While our creators helped take back the narrative about birth control on social media, Trilogy ran highly targeted texting campaigns in state legislative districts to protect the right to birth control in law. In Nevada, we drove thousands of constituents to send letters to their representatives in support of the Right to Contraception Act. Both Republican lawmakers we targeted joined Democrats in voting yes, sending the bipartisan bill to Governor Lombardo’s desk. We executed a similar strategy to build support for Virginia’s Right to Contraception Act. In both Nevada and Virginia, when the Republican governors vetoed these bipartisan bills, they were met with public outrage.
By early 2024, others in the reproductive rights space were seeing the effectiveness of our messaging. We organized coalitions and online joint actions to advocate for the national Right to Contraception Act, a bill to enshrine the right to birth control in federal law. Supporters sent more than 25,000 letters to congressional representatives through our joint action. Republican lawmakers defeated the bill, but we forced them to go on the record, revealing how out of step they were with the 90% of Americans who support birth control rights.
From #DitchThePill to “Pass This Bill”
Before Trilogy stepped in, misinformation about IUDs and the pill dominated conversations about birth control online. If a young woman searched for information about birth control on TikTok, most of the results included the hashtag #DitchThePill. Now, thanks to our social search-optimized program, when target demographics search for “birth control,” “contraception,” “fertility,” “IVF,” and similar terms, factual content from our campaign appears in the results.

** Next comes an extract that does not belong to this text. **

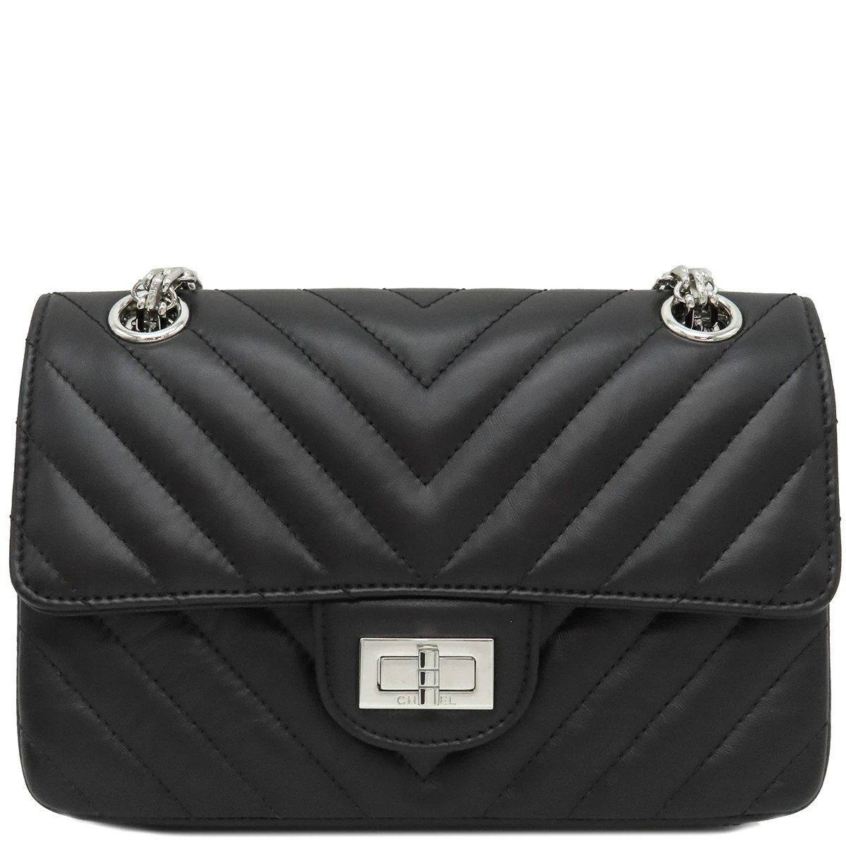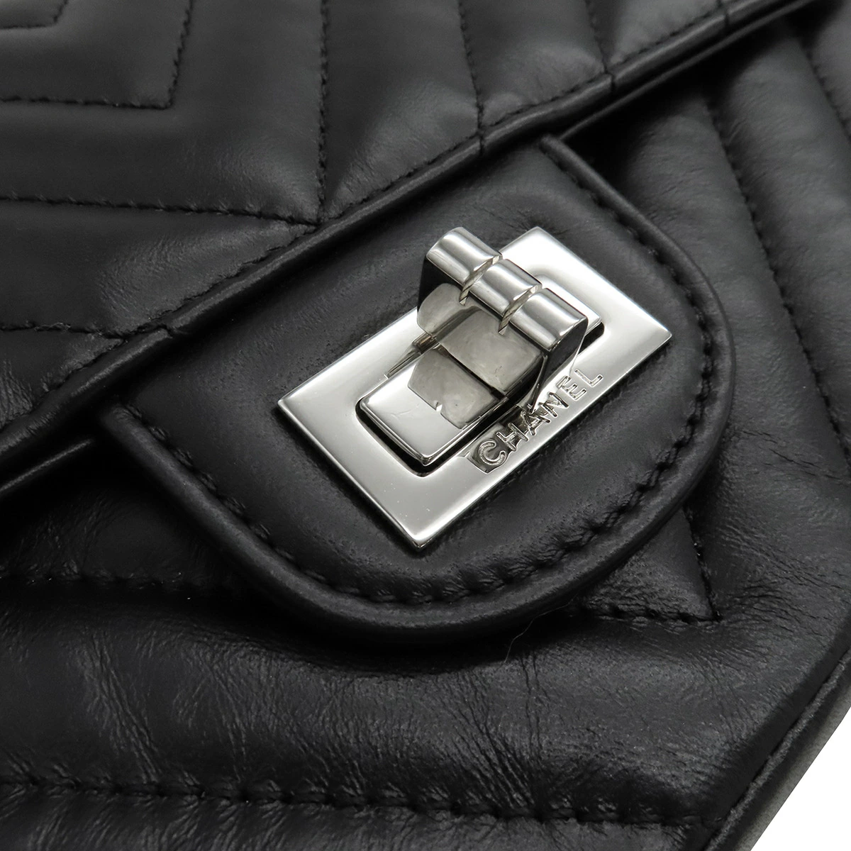 シャネル CHANEL ショルダーバッグ シェブロン 2.55 20 レザー ブラック 黒 Wチェーン Vステッチ シルバー金具 ランダムシリアル - レディース 【箱】定番 人気 美品 【中古】

Our work put a spotlight on birth control rights as a political issue, too. In 2022, when 195 House Republicans voted against the Right to Contraception Act, virtually no one talked about it. By 2024, our creator campaigns, paid ads, joint actions, and texting campaigns had raised awareness that birth control really was under threat. It became a major issue in 2024 political campaigns, especially after Republicans blocked the Right to Contraception Act in the Senate.Birth control rights are still not protected in federal law. But thanks to our work, awareness of the issue has never been higher. If elected officials keep attacking our right to basic birth control, Americans are ready to hold them accountable.